Consider the two calculations \[23=12^2-11^2 \qquad \textrm{and} \qquad 27=14^2-13^2.\]

What makes these two calculations interesting to you?

These two calculations interest me for several reasons. Both calculations express an integer as the difference of two perfect squares. Now, whilst it is clear to me that this should be possible it makes me wonder how I might go about writing other numbers in this way and whether it is possible to write every positive integer in this way. I then notice something quite nice about the numbers chosen. I notice that in the calculation \(23=12^2-11^2\) the numbers \(12\) and \(11\) sum to \(23\). The same thing happens with \(27=14^2-13^2\), which is neat. This leads me to wonder whether I can write another number, say \(28\), in this way using two successive perfect squares.

If I consider \(28\), I want to just try out some numbers to see if I can make it work. Perhaps I start with \(6^2\) since this is the next perfect square.
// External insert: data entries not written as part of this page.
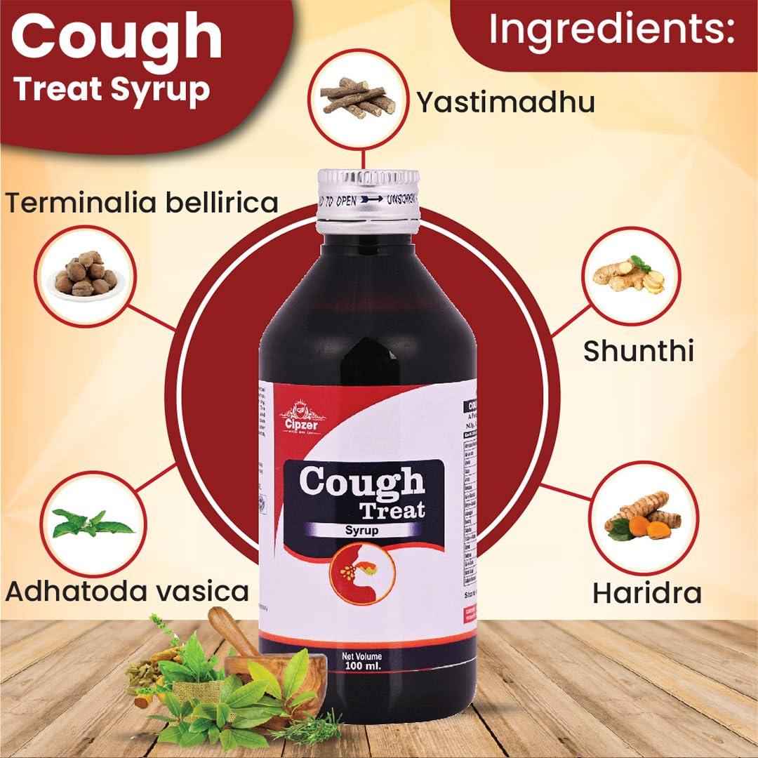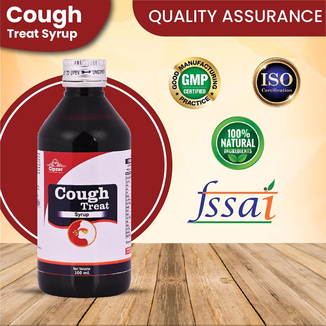 Cipzer Cough Treat Syrup |Relief from cough sore throat |Natural Ingredients | Fast Relief from just 15 mins | Hot Sip Cough Relief Products for Kids Dry Cough Chronic Cough -200ML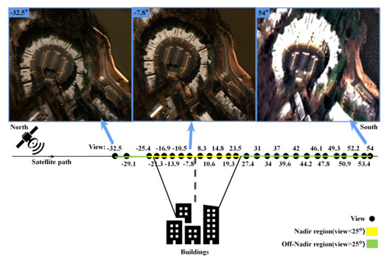 For illustration, the two difficulties are elaborated below. At first, the foremost difficulty lies in viewpoint differences and imaging uncertainties. For the nadir imagery acquired at different times, the same object has similar features with respect to shape, edge, and texture. However, for the off-nadir imagery obtained by a sweep-broom satellite, the viewpoints are different, and the illumination and reflection conditions of the same object vary significantly. Moreover, the contents of the two-dimensional projection along different sightlines are different, which makes the features obtained from the same object different and the amount of information different. As shown in Figure 1, viewpoint differences and imaging uncertainties enlarge the intra-class differences, and object detection from off-nadir imagery is thus difficult.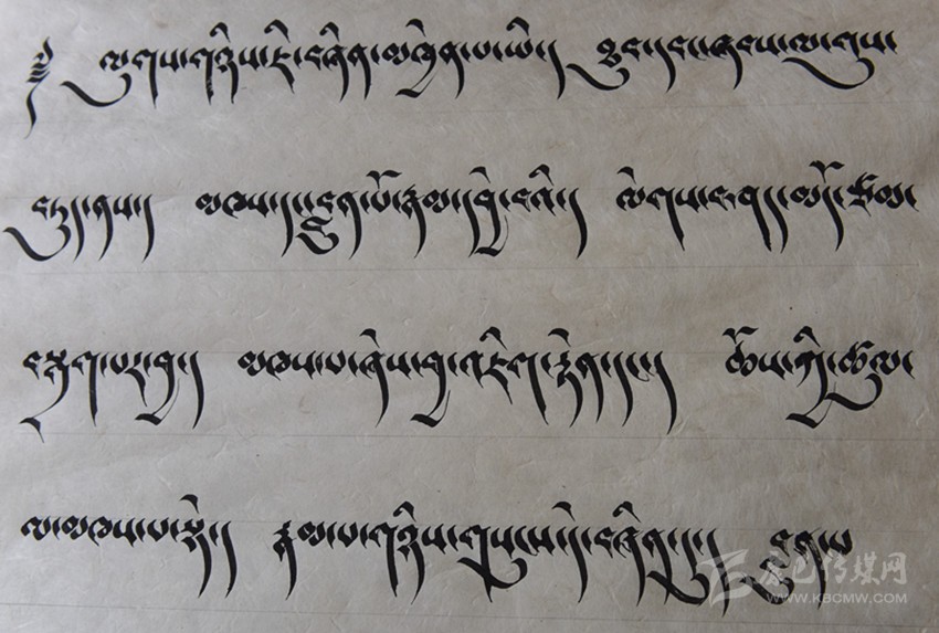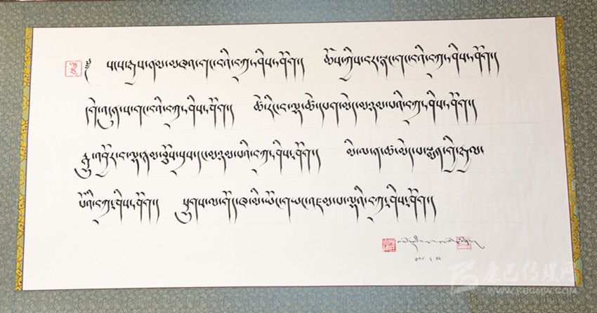 談到藏文書法作品,昂旺曲批喜歡用諸如“淳樸、干凈、善良”的字眼形容藏文書法作品的風格?!耙粋€字就是一個人,字有肉也有骨頭。”這是昂旺曲批對“德珍派”書法的理解,在昂旺曲批眼中,藏文字都是有生命的,需要寧心靜氣方能通過手中的筆尖,彼此呼應。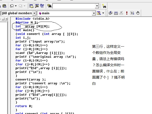 數據array[n][m]沒有聲明大小,要用常數,不能用變量array[2][3]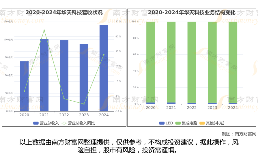 华天科技2024年数据显示(如上图),公司2024年营业收入144.62亿,同比增长28%,近五年复合年增长率14.61%。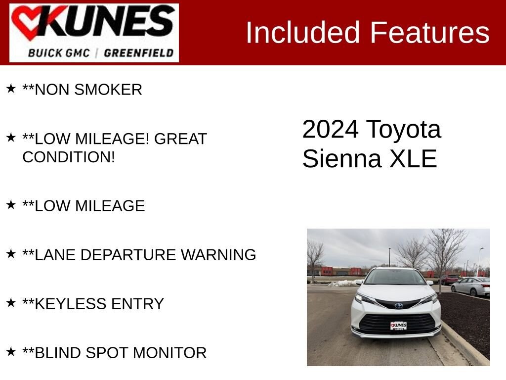 **LEATHER SEATS, **APPLE CAR PLAY / ANDROID AUTO, **REMOTE START, **HEATED SEATS, **BACK UP CAMERA, **NAVIGATION, **BLUETOOTH, **KEYLESS START, **GREAT FUEL ENCONOMY, **NON SMOKER, **LOW MILEAGE! GREAT CONDITION!, **LOW MILEAGE, **LANE DEPARTURE WARNING, **KEYLESS ENTRY, **BLIND SPOT MONITOR. CARFAX One-Owner. Certified. 36/36 City/Highway MPG Recent Arrival!Pearl 2024 Toyota Sienna XLE 8 Passenger 4D Passenger Van FWD CVT 2.5L I4Certification Program Details:** NO FEAR LIFETIME CERTIFIED PREOWNED **Over $2,895 of value at no cost!*LIFETIME WARRANTY!*3 Day Exchange Policy!*Complimentary powertrain warranty with ability to upgrade to fully comprehensive coverage and/or extend up to 125,000 miles!*125+ Point Inspection by our factory trained ASE Certified technicians and reconditioned to the highest standards.*Complimentary AutoCheck History Report*Complimentary AutoCheck Buyback Protection*Financing for Everyone - Guaranteed credit approval regardless of credit history!*Over 30 lenders who compete to get you the best financing terms*No payments for up to 90 days!*Weekly, Bi-Weekly, and Monthly Payment Options for all buyers!*First Free Oil Change!*Trade anytime policy - cars, trucks, boats, RVs, motorcycles - as long as we donât have to feed it, you can trade it!Find out why our dealerships have won DealerRater.com DEALER OF THE YEAR a whopping 10 TIMES! Call, email, or live chat with one of our friendly sales professionals now to schedule your test drive! Prices shown do not include tax, title, registration and $599 service fees.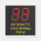 This geeky and fun birthday themed paper napkin design features a large number "33" having a red seven segment digital display inspired appearance, along with a customisable name and the message "33rd Birthday Party!" in geeky retro style yellow text, on a black coloured background. Fun, editable paper napkins like this might be used at a party being held to celebrate somebody’s thirty third birthday. [~Z0000388]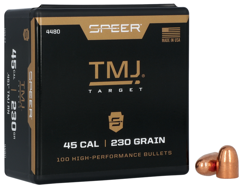 Speer TMJ .45 caliber bullets feature Total Metal Jacket construction with Uni-Cor technology, where molten lead is poured directly into the copper jacket to prevent deformation under pressure. These 230 grain bullets are designed for target shooting and handgun reloading, offered in boxes of 100 rounds per unit.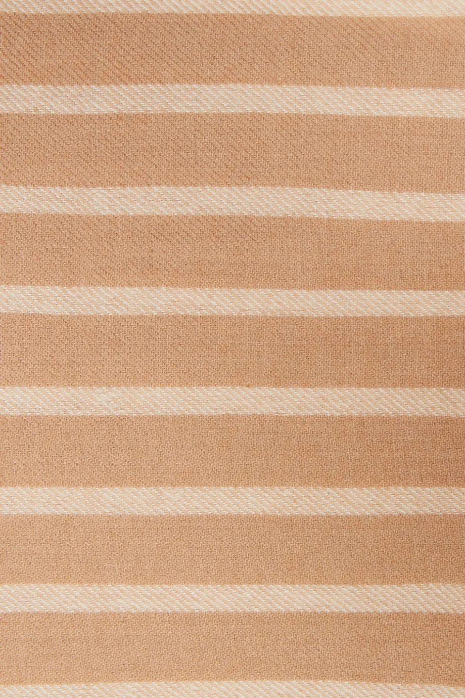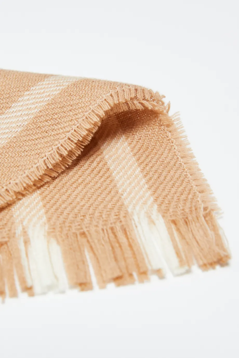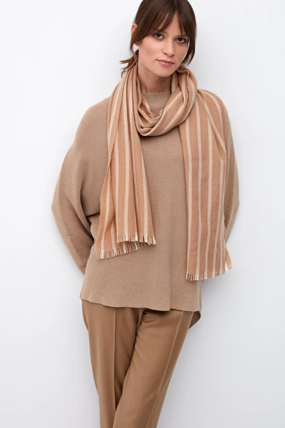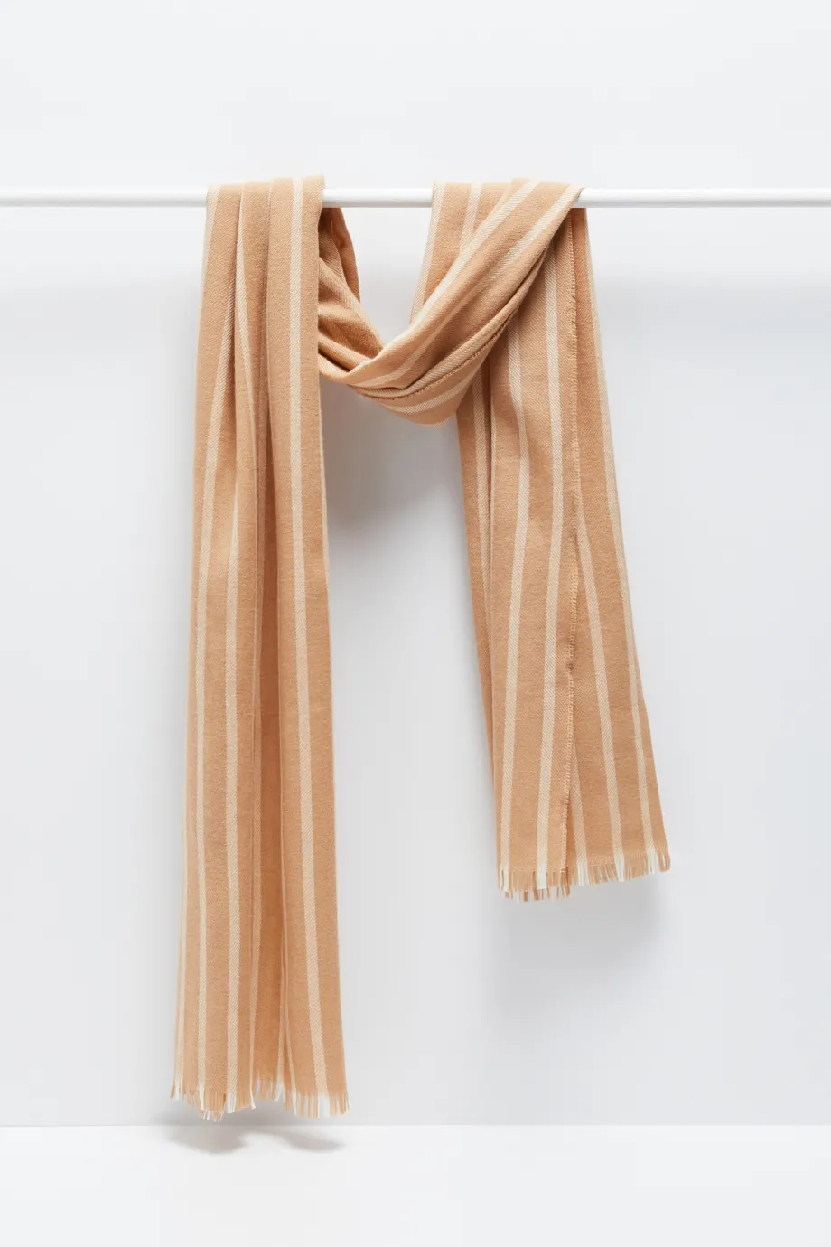 To, co czyni nasz wełniany szalik naprawdę wyjątkowym to mieszanka szlachetnych dzianin wełny i kaszmiru. Zmysłowe odcienie ciepłego brązu tworzą wzór w paski, który jest równie subtelny, co wyrafinowany, umożliwiając łatwe łączenie go z wieloma elementami garderoby - zarówno w codziennym, jak i wieczorowym stylu. Długość i szerokość naszego camelowego szala zostały zaprojektowane tak, abyś mogła nosić go na różne sposoby - czy to lekko owinięty wokół szyi, czy elegancko drapowany na ramionach - zawsze będzie wyglądał stylowo i szykownie.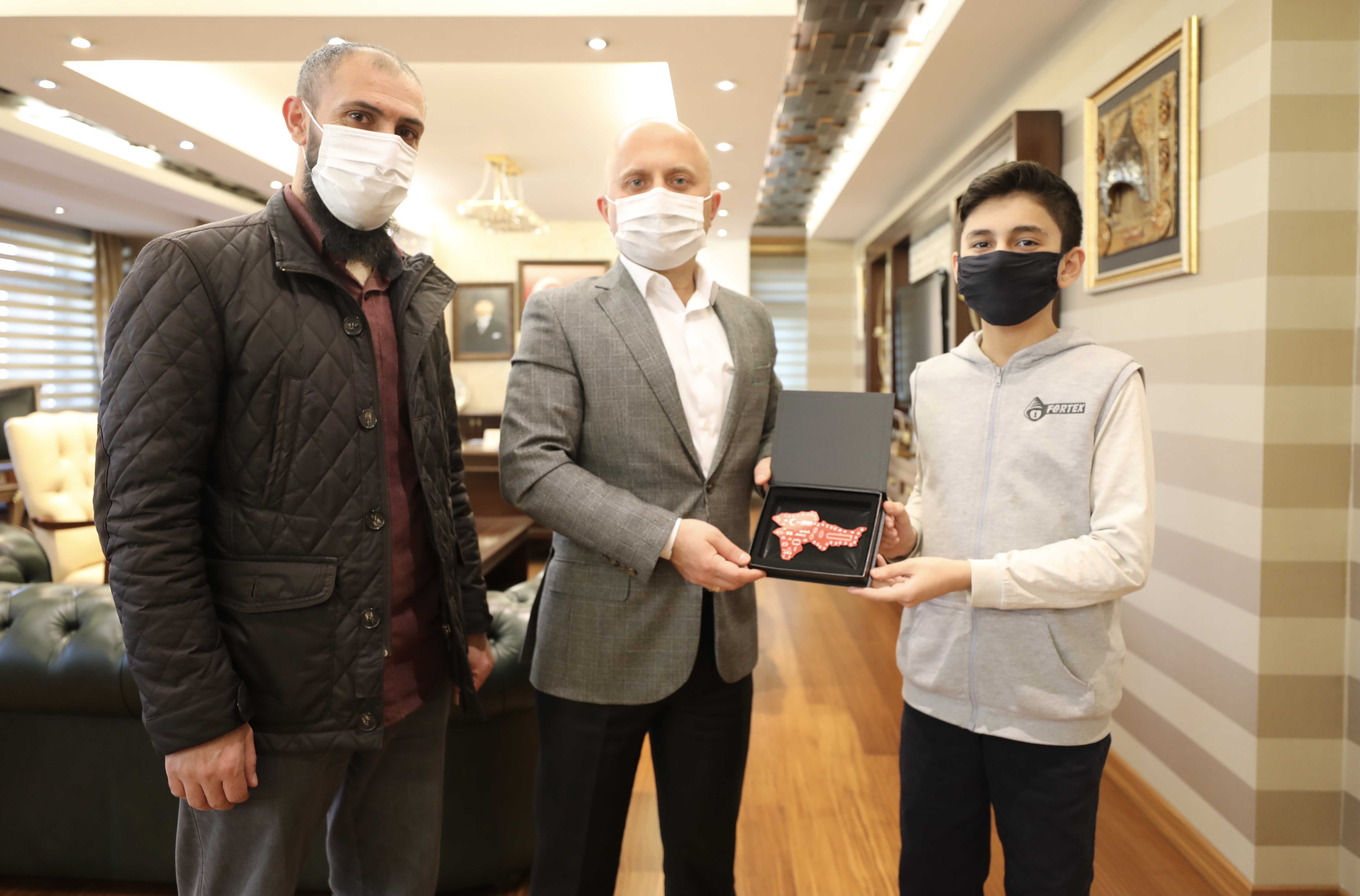 Vali Osman Varol, KODLAAĞRI projesi kapsamında almış olduğu eğitimle Ağrı Kart’ı tasarlayan öğrenci Abdullah Aslan ile bir araya geldi.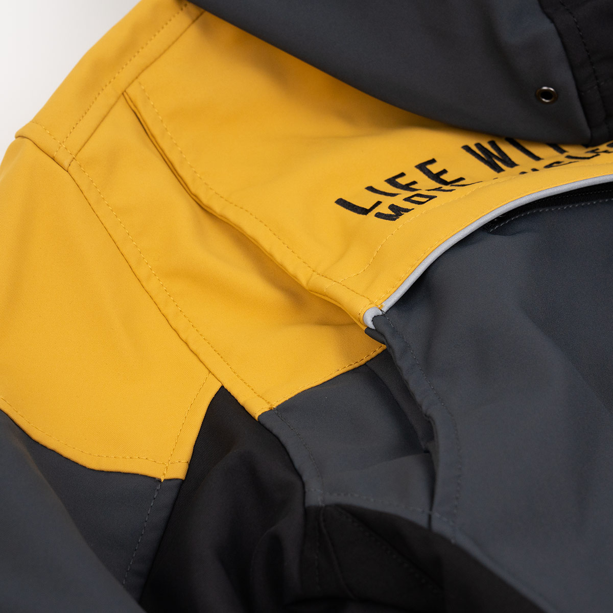 軽量ナイロンを使用した、3シーズン仕様のソフトシェルジャケット。撥水・防汚・防油の「3防加工」で日常からツーリングまで安心して着用することが出来、シンプルでありながら大胆な切り返しデザイン。個性と快適性を両立した、56の人気商品です。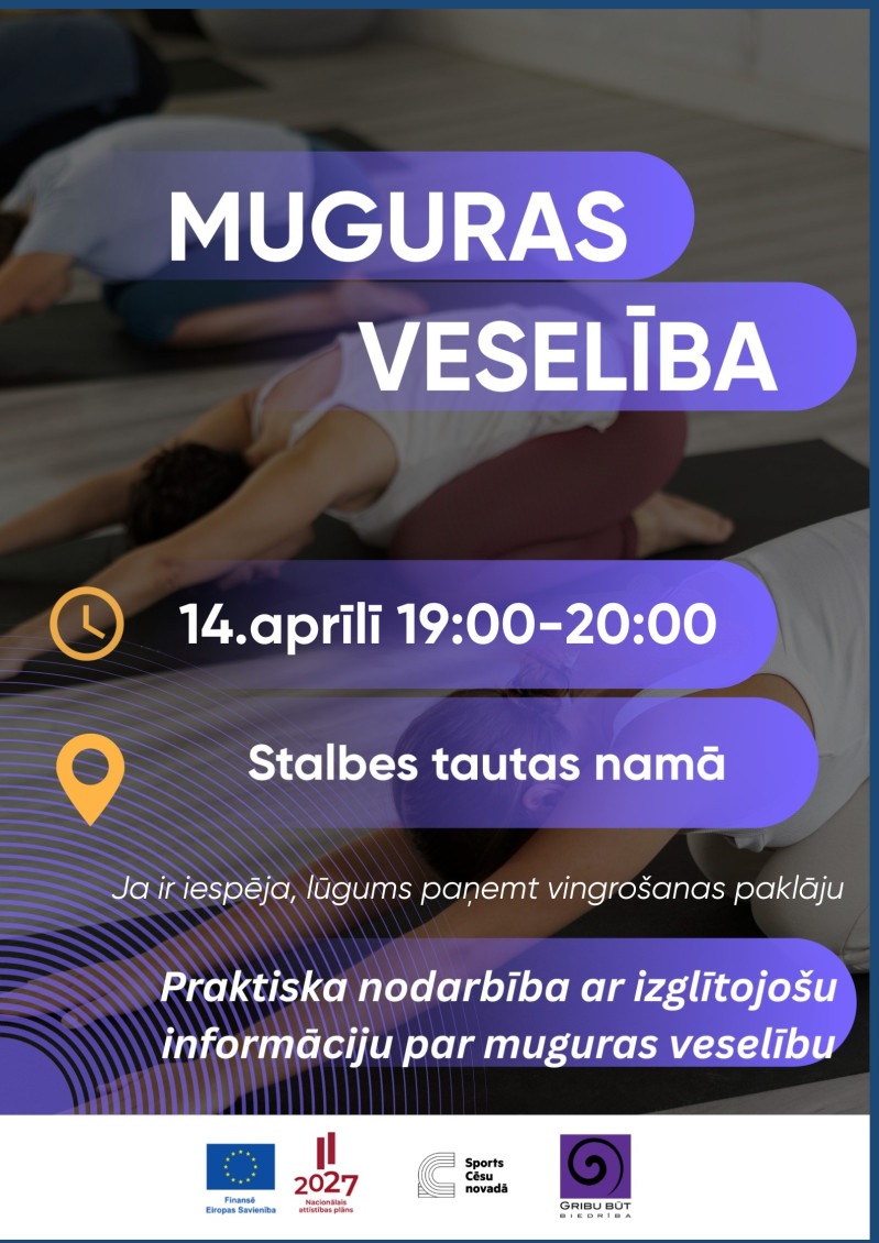 Otrdien, 14. aprīlī, plkst. 19.00 Stalbes Tautas namā biedrība “Gribu būt” sadarbībā ar Cēsu novada pašvaldību aicina uz bezmaksas nodarbību par muguras veselību.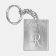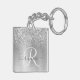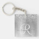 Personnalisez facilement ce design porte - clé chic et branché, avec une jolie parties scintillant brillante en argent sur un arrière - plan métallique brossé en argent.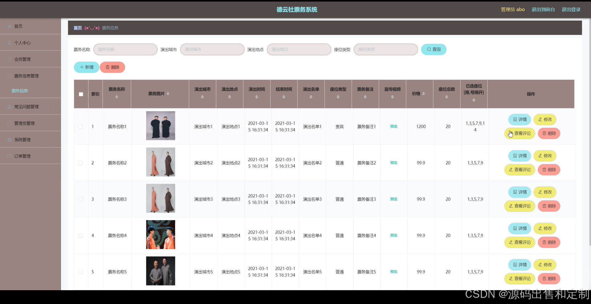 ②演出管理:添加演出、演出信息管理、生成演出座位信息、演出座位票价管理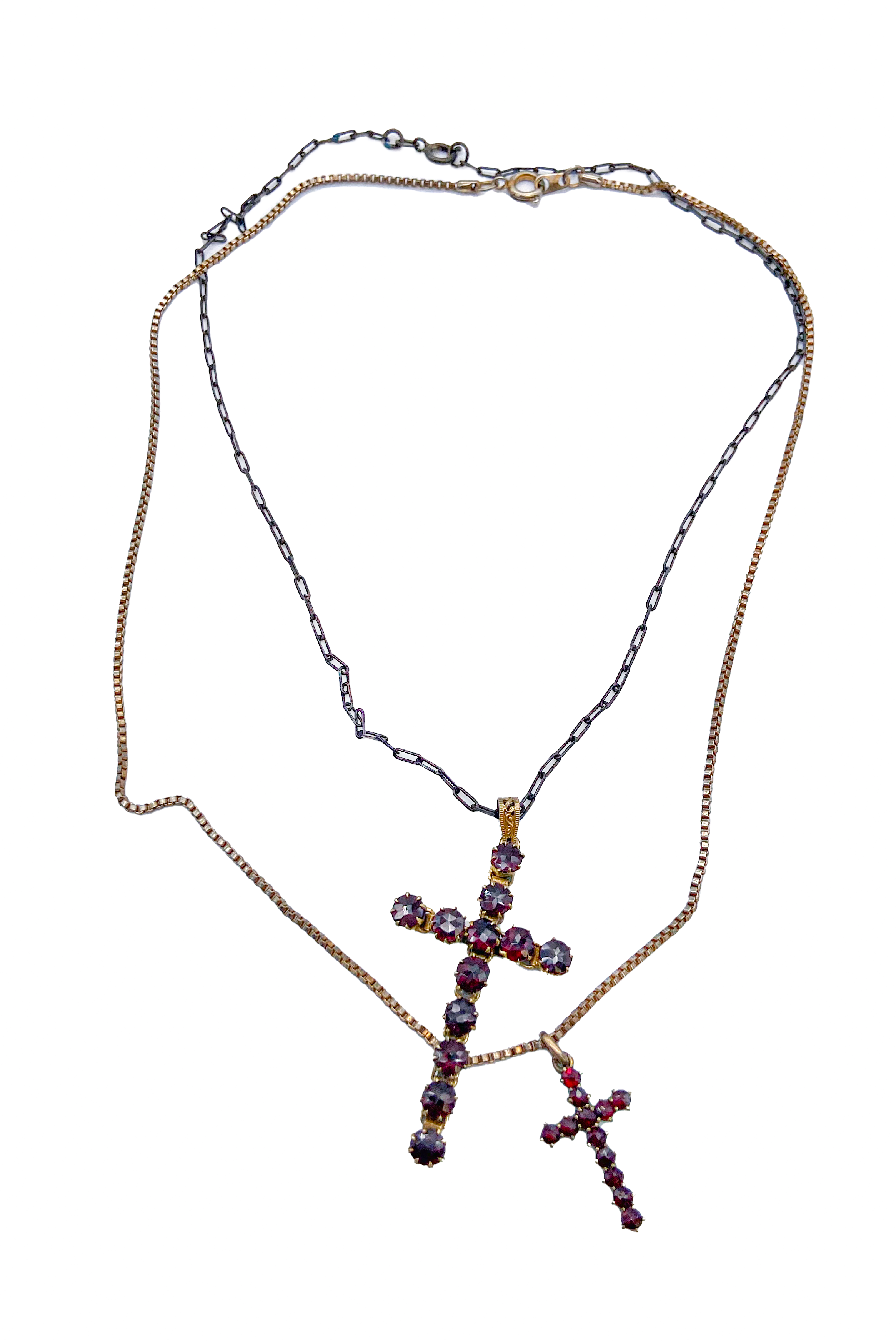 A set of two vintage garnet cross necklaces - a medium and a mini small one.

But \(6^2 =36\) so I need to subtract \(8\) to obtain \(28\) and \(8\) is not a perfect square, nor is it \(5^2\) which is what I require if I am trying to write \(28\) as the difference of two successive perfect squares.

Next I try \(7^2\) but I encounter the same problem as I would need to subtract \(21\) which is not a perfect square and is not equal to \(6^2\) as required for this particular problem.

I have a sense that I could keep trying numbers but that I need to have a better system. Since I know that I am looking for two successive perfect squares I could begin by assuming that it is possible and write \(28=n^2 - (n-1)^2\) where \(n\) is an integer. Expanding the right-hand side gives me \(n^2 - n^2 + 2n -1=2n-1\). So I require that \(28=2n-1\) where \(n\) is an integer. But this is not possible so I have to conclude that I cannot write \(28\) as the difference of two successive perfect squares.

You might like to consider how I know that an integer solution to \(28=2n-1\) cannot be found.

How many of the numbers from \(1\) to \(20\) can you express as the difference of two successive perfect squares?

To answer this I use my findings from above. If I want to write any integer \(a\) as the difference of two successive perfect squares I require that \(a=2n-1\) with \(n\) also being an integer. Thus the only numbers I can conceivably write in this form are odd. Also, I know that I can write every odd number as the difference of two successive perfect squares because \(2n-1=n^2-(n-1)^2\).

How many of the numbers from \(1\) to \(20\) can you express as the difference of two perfect squares?

I realise that this is a different question. There will be numbers that can written as the difference of two non-successive perfect squares. For example I can write down that \(8=3^2-1^2\). The interesting question this time is which integers can / cannot be written in this way and why?

I find it hard to think about this question in general without being tempted to start listing square numbers and testing them out (even though I know that’s not an efficient approach). So instead it may be more sensible to think about other ways of expressing it. I know that I want \(a=b^2-c^2\) with \(a, b, c\) being positive integers. I recognise that I can factorise the right-hand side as \((b-c)(b+c)\). This is a more useful form as I can now start considering pairs of factors of my starting number \(a\).

For example, \(8\) can be written as \(1 \times 8\) or \(2 \times 4\) so I now consider whether these pairs could be written in the form \((b-c) \times (b+c)\). For this particular example, \(2 \times 4 = (3-1)(3+1)\) giving the calculation found above \(8=3^2-1^2\). However, \(1 \times 8\) doesn’t work as I cannot find integer values for \(b\) and \(c\) for which \(b-c=1\) and \(b+c=8\).

Therefore \(8\) can be expressed as the difference of two perfect squares, \(3^2\) and \(1^2\).

How many of the numbers from \(1\) to \(20\) can you express as the difference of two perfect squares in more than one way?

I sense that the answer to this question lies in the approach above where I considered the factor pairs of my starting number \(a\) and whether these can be expressed in the form \((b-c)(b+c)\).